» **TASK BRIEF**: Repeat every line of the data exactly, but not the pictures.

══ MATERIAL PROVIDED ══

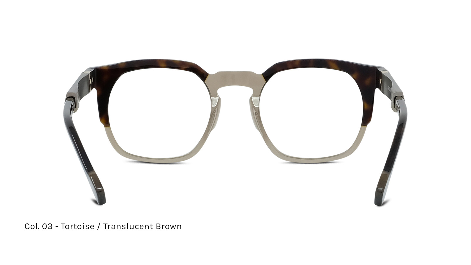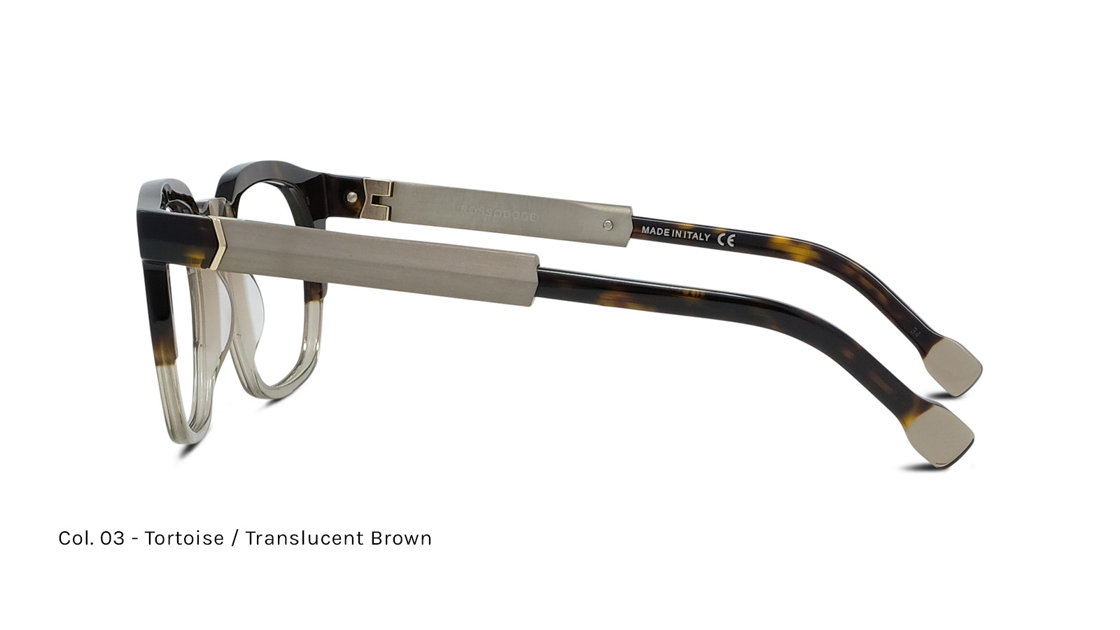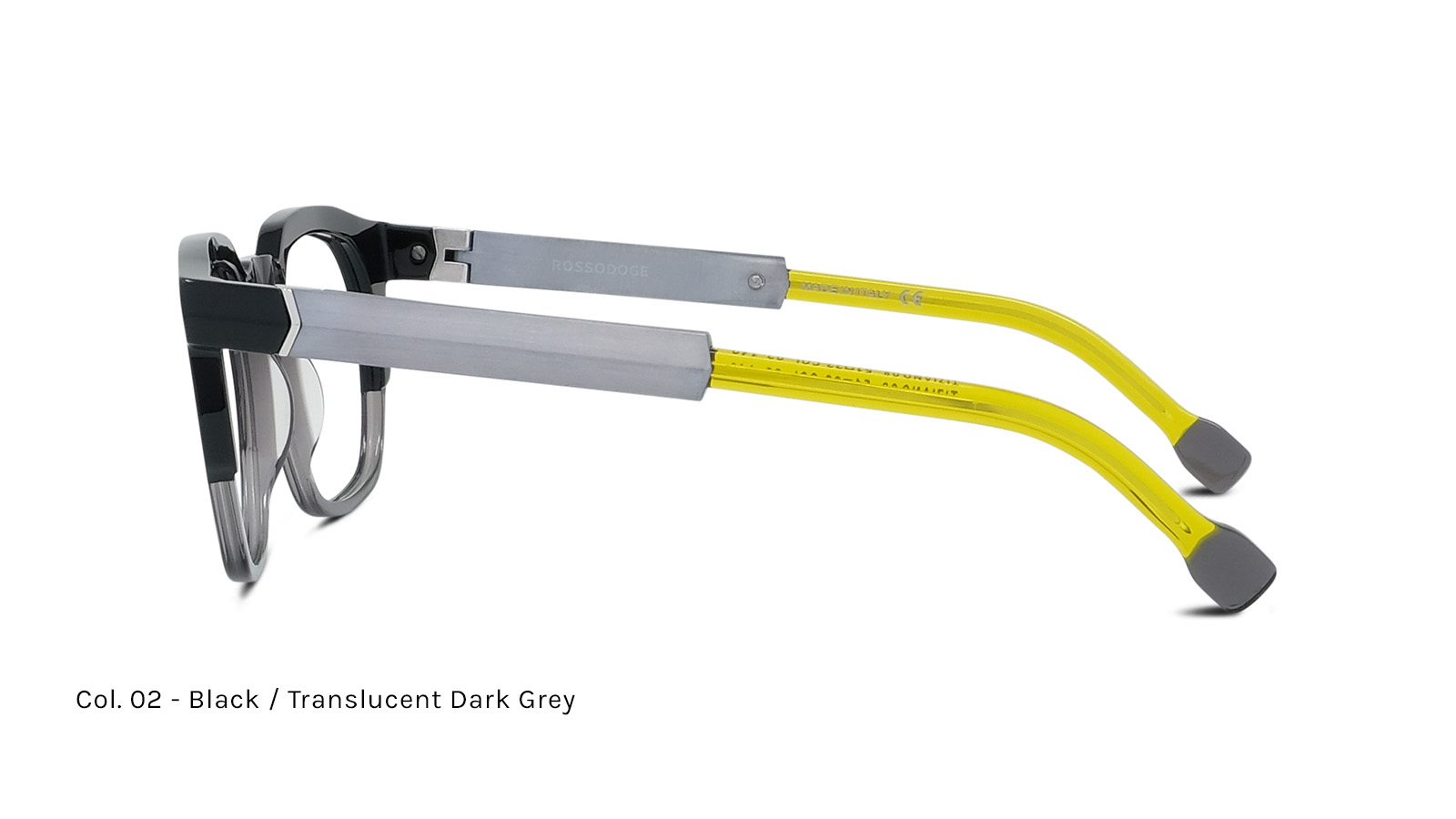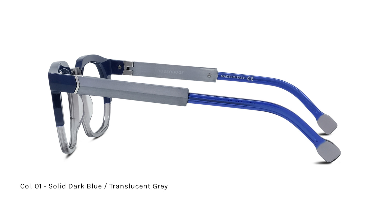 Acetate lamination in different colors on the front and temples, with a steel core, aluminum detail on the temple, and a brass nose piece. Temples featuring an Ergal 7075 aluminum element with a satin anodized finish, making it lighter and more durable.
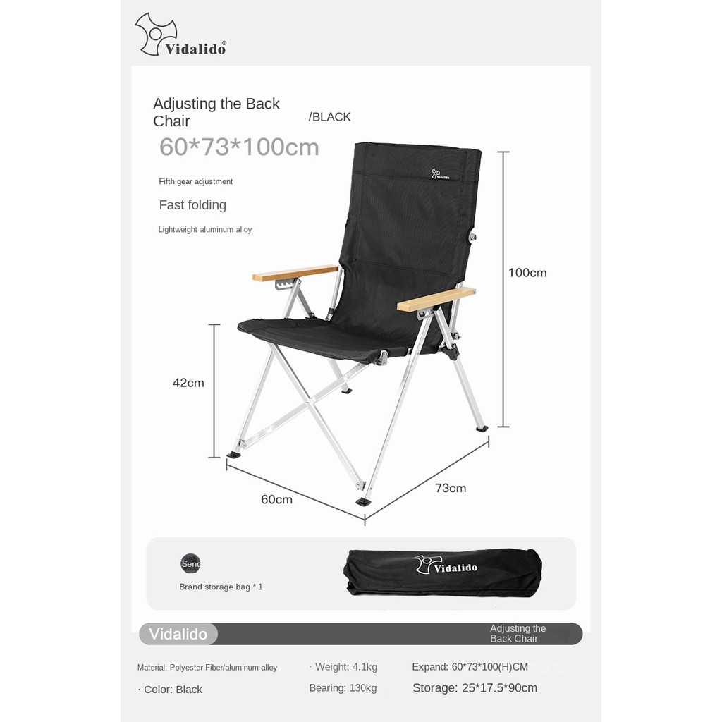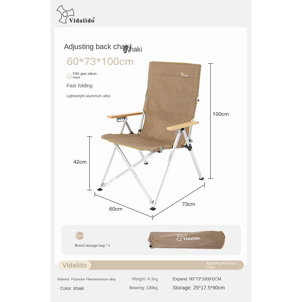 Vidalido Recliner Folding Camping Chair Portable Retractable Leisure Seat Load Bearing Up To 130kg
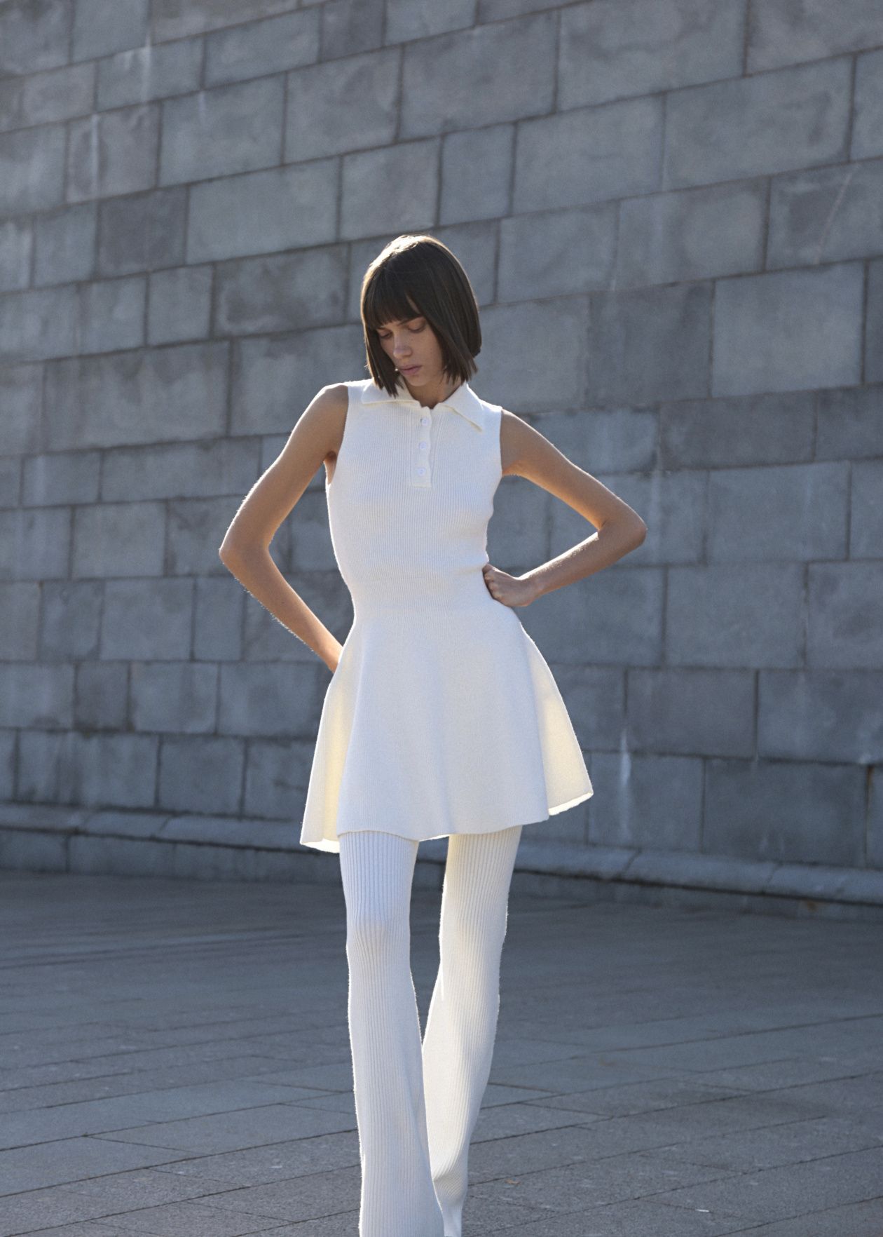 Платье-клеш из плотного трикотажа. В составе изделия теплая шерсть и мягкая вискоза. Модель с пышным расклешенным подолом и приталенным силуэтом дополнена отложным воротником.Состав: 80% вискоза, 20% шерсть

═══

» **REPLY TO THE TASK**:
 Acetate lamination in different colors on the front and temples, with a steel core, aluminum detail on the temple, and a brass nose piece. Temples featuring an Ergal 7075 aluminum element with a satin anodized finish, making it lighter and more durable.
 Vidalido Recliner Folding Camping Chair Portable Retractable Leisure Seat Load Bearing Up To 130kg
 Платье-клеш из плотного трикотажа. В составе изделия теплая шерсть и мягкая вискоза. Модель с пышным расклешенным подолом и приталенным силуэтом дополнена отложным воротником.Состав: 80% вискоза, 20% шерсть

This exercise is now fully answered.